Top 10 mobile brands ranked by value

Date: 10/12/2008
Published in: Telcoms
Spokesperson: William Grobel

China Mobile has the most valuable mobile operator brand in the industry with a worth of $30.79bn, according to new research shortly to be published in telecoms.com's sister publication Mobile Communications International.

The research - which ranked the top 100 cellco brands in the world - was carried out by brand valuation specialist Intangible Business. Vodafone placed second, with a brand value of $22.13bn, while US carrier Verizon ranked third with $20.38bn. But given that Vodafone owns three per cent of China Mobile, and 45 per cent of Verizon wireless, the UK firm can lay claim to the most valuable proportionate brand portfolio.

This is the first time such research has been carried out for the mobile operator community and, while the top ten places are dominated by familiar US and European names, as well as dominant Chinese and Japanese players, the presence of a number of emerging market specialists inside the top 30 reflects how the global market is shifting in terms of regional power. Firms that specialise in Indian, MEA and former CIS markets all place strongly in the rankings.  

Notably, in the top ten brands punching above their weight developing market players - as well as Middle Eastern-based carriers - occupy all the positions.

"Brand valuation is unique as it considers a combination of elements that contribute to value," said Will Grobel, marketing director at Intangible Business. "It is therefore a more robust way of looking at the health of a brand and the business that owns it than looking at single measures separately." Below, Grobel explains the methodology used to compile the ranking, which drew heavily on information from Informa Telecoms & Media's World Cellular Information Service.

"Brand values are a reflection of a brand's ability to generate future income. So this is a forward looking study that uses historic performance and future trends to predict future activity. The actual brand valuation calculation is relatively straight forward. It attempts to derive the amount the brand owner would be willing to pay for its brand if it did not already own it. This approach is called the relief from royalty methodology as it calculates how much the brand owner is relieved from paying by virtue of owning the brand. The more complicated parts are the components that contribute to the calculation. These three stages illustrate the process, simply:

1. Forecast salesThree years of historical sales data was gathered for 500 of the world's biggest mobile operator brands. The top 100 brands have been given indefinite lives as they are all market leaders, with heritage and financially robust owners. The compound annual growth rate (CAGR) is adjusted to reflect the brand's long term ability for growth. This reflects more accurately a brand's growth prospects based on its current and historical performance.

2. Royalty rateTo determine the strength of the brands, each brand was scored on nine measures of brand strength, provided from qualitative panel data.

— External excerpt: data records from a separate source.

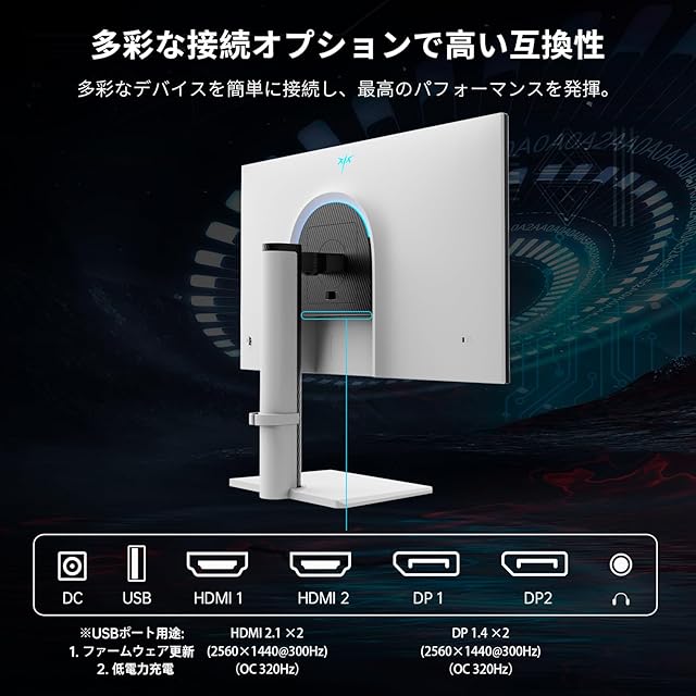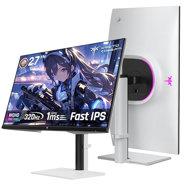 KEY TO COMBAT 27インチ WQHD (2560x1440) 300Hz(OC 320Hz) Fast IPS ゲーミングモニタ(1ms/144%sRGB/HDR400450cd/m²) 低ブルーライト/FreeSync & G-Sync対応/HDMI2.1×2 DP1.4×2 チルト・回転・昇降・ピボット対応で簡単设置 VESA 3年 白い KTCモニターH27E6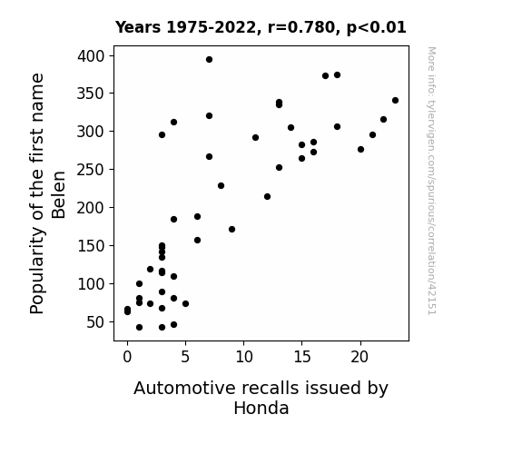 This means 60.8% of the change in the one variable (i.e., Automotive recalls issued by Honda) is predictable based on the change in the other (i.e., Popularity of the first name Belen) over the 48 years from 1975 through 2022.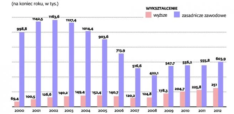 To niechlubny rekord. Jednak podobne rekordy bije bezrobocie także wśród absolwentów zawodówek – szkół, które miały gwarantować zatrudnienie. DGP przedstawia portret bezrobotnych z dwóch biegunów wykształcenia.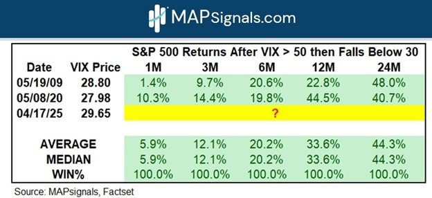Drilling further, going back to 1990, there are only two previous instances of the VIX rising to 50, then dropping to 30. Forward performance is even more bullish: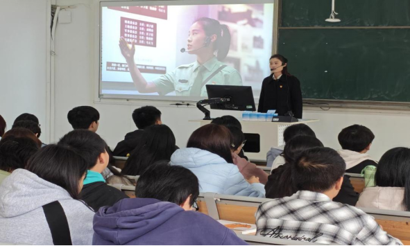 为深化产教融合与校企协同育人,大力弘扬劳模精神、劳动精神与工匠精神,传承抗洪精神等“三大精神”,结合"技能校园"建设实际,公司太阳成集团tyc234cc于11月11日特别邀请赤壁市烈士陵园保护中心曾铭、沈双敏,赤壁市疫情预防控制中心健康教育科副主任陈思思,嘉鱼县烈士陵园管理所讲解员刘彪等同志莅临公司,开展主题教育宣讲。200余名青年学子齐聚一堂,共同聆听这场浸润心灵的精神盛宴。

This included share of market, growth, price positioning, market scope, preference, awareness, relevance, heritage and perception.

Each brand was also measured on three years of hard data including turnover, subscriptions, churn, market share, growth, penetration, average revenue per user (ARPU), and profitability. The average of these two total scores (panel brand score and hard brand score) was then positioned between a royalty rate range. This determines a unique royalty rate for each brand.

The royalty rate appears to be a simple percentage but in fact this hides the depth of understanding required to determine a rate that reflects accurately the profit/cash flow generated by the brand alone - separate from other elements of product delivery.

3. Discount rate: Future sales are then multiplied by the royalty rate and reduced at the relevant tax rate. They are then multiplied by a discount rate to calculate the net present value of those future cash flows. The discount rate reflects the time value and risk attached to those cash flows and for the purpose of this exercise has been left at a flat 9% as these are relatively low-risk, established brands.

Testing: Results are tested and verified by sense-checks, such as to comparable commercial transactions, and referenced to proprietary information on the value of leading brands, which all share similar characteristics of value cash flow generation. These valuations are based on an analysis of publicly available information and do not necessary reflect true past or future performance."